Добавить в цитаты Настройки чтения

Страница 33 из 50

– Но почему вы живете с ней, а не с матерью? – перебила ее Полисена. С первого же дня у нее сложилось впечатление, что королева, хотя и не была в курсе подмены новорожденной, непонятным образом догадывалась, что Изабелла ей чужая, незаконно претендующая на трон, и поэтому не могла ее любить. Полисена думала, что именно это заставило королеву выбрать другие покои.

– Пока мой отец был жив, – объяснила Изабелла грустным голосом, – я жила вместе с королевой. Спала рядом с ее комнатой, видела ее каждый день, обедала вместе с ней. Когда мы принимали послов или приветствовали народ с балкона, моя мать держала меня на руках. Потом, когда я стала слишком тяжелой, она держала меня за руку, крепко к себе прижимая. И когда не было никаких официальных дел, она была со мной. Сидела рядышком на ковре и играла, рассказывала мне о разных вещах, смешила меня, мы с ней боролись, а потом она крепко-крепко обнимала меня…

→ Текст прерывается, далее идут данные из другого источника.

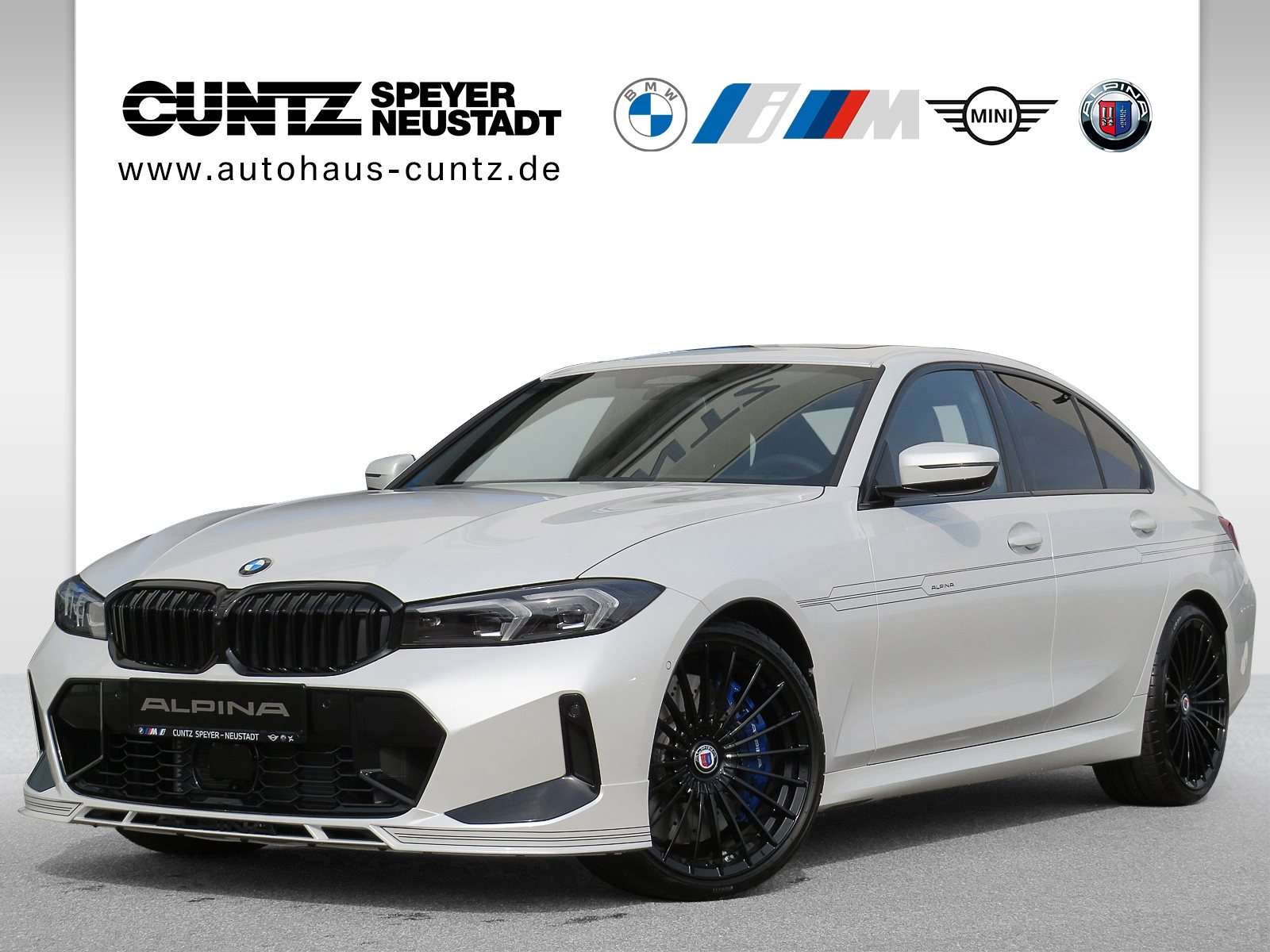 gMerino Schwarz/SchwarzEditionen und PaketeAblagenpaket Connected Package Professional ConnectedDrive Services Antrieb, FahrwerkAdaptives Fahrwerk Aktives Sportdifferential Hochleistungs-Bremsanlage Sport-Automatik Getriebe (8-Gang) mit ALPINA SWITCH-TRONICVariable Sportlenkung Umwelt, cherheitAdaptiver LED-Scheinwerfer Aktiver Fußgängerschutz Alarmanlage Beifahrerairbag Deaktivierung Fernlichtassistent Innenspiegel automatisch abblendend Reifendruckanzeige Komfort, InnenausstattungAkustikverglasung Ambientes Licht Automatische Heckklappenbetätigung Durchladesystem Fondkopfstützen, klappbar Galvanikapplikation für Bedienelemente Innen- und Außenspiegelpaket Interieurleisten 'Carbon Fibre' Klimaautomatik Komfortzugang Lenkradheizung Lordosenstütze für Fahrer und Beifahrertzheizung für Fahrer und Beifahrer tzverstellung, elektr. mit Memory für FahrersitzSonnenschutzverglasung Sportsitze für Fahrer und Beifahrer FahrerassistenzDriving Assistant Professional Gesetzlicher Notruf Parking Assistant Plus TeleServices MultimediaBMW Live Cockpit Professional DAB Tuner Harman Kardon Surround Sound System ExterieurALPINA Heckspoiler (in Wagenfarbe lackiert) Anhängerkupplung mit schwenkbarem Kugelkopf und elektrischer EntriegelungGlasdach, elektrisch Lehnenbreitenverstellung FahrerseiteRäderRadschraubensicherung Reifenpannenset IndividualumfängeBMW Individual Leuchten Shadow Line Dachhimmel Anthrazit, BMW Individual Hochglanz Shadow Line mit erweiterten UmfängenInstrumententafel lederbezogen Shadow Line Hochglanz, BMW Individual SonstigesAblage für Wireless ChargingActive Guard Plus ALPINA CLASSIC 20" Schmiederad, lackiert in SchwarzEndrohrblenden ALPINA, SchwarzMineralweiß metallic SWITCH-TRONIC Schaltwippen aus Vollaluminium, CNC gefrästVolllederausstattung Merino SchwarzGute Fahrt Paket Irrtümer und Zwischenverkauf vorbehalten

В точности как Джиневра Доброттини со своими дочками. Не обращая внимания на то, что одна из них, старшая, была самозванкой. «Какие же они глупые, эти мамы! – подумалось Полисене. – И купеческую жену, и королеву легко ввести в заблуждение поцелуем или улыбкой!»

– Мама обожала меня, – продолжала свой рассказ Изабелла. – В те времена у нас было немного дел. На военные парады и шествия, заседания министров и публичные казни ходил мой отец. А когда его не было дома, он оставлял вместо себя брата, который потом стал правителем.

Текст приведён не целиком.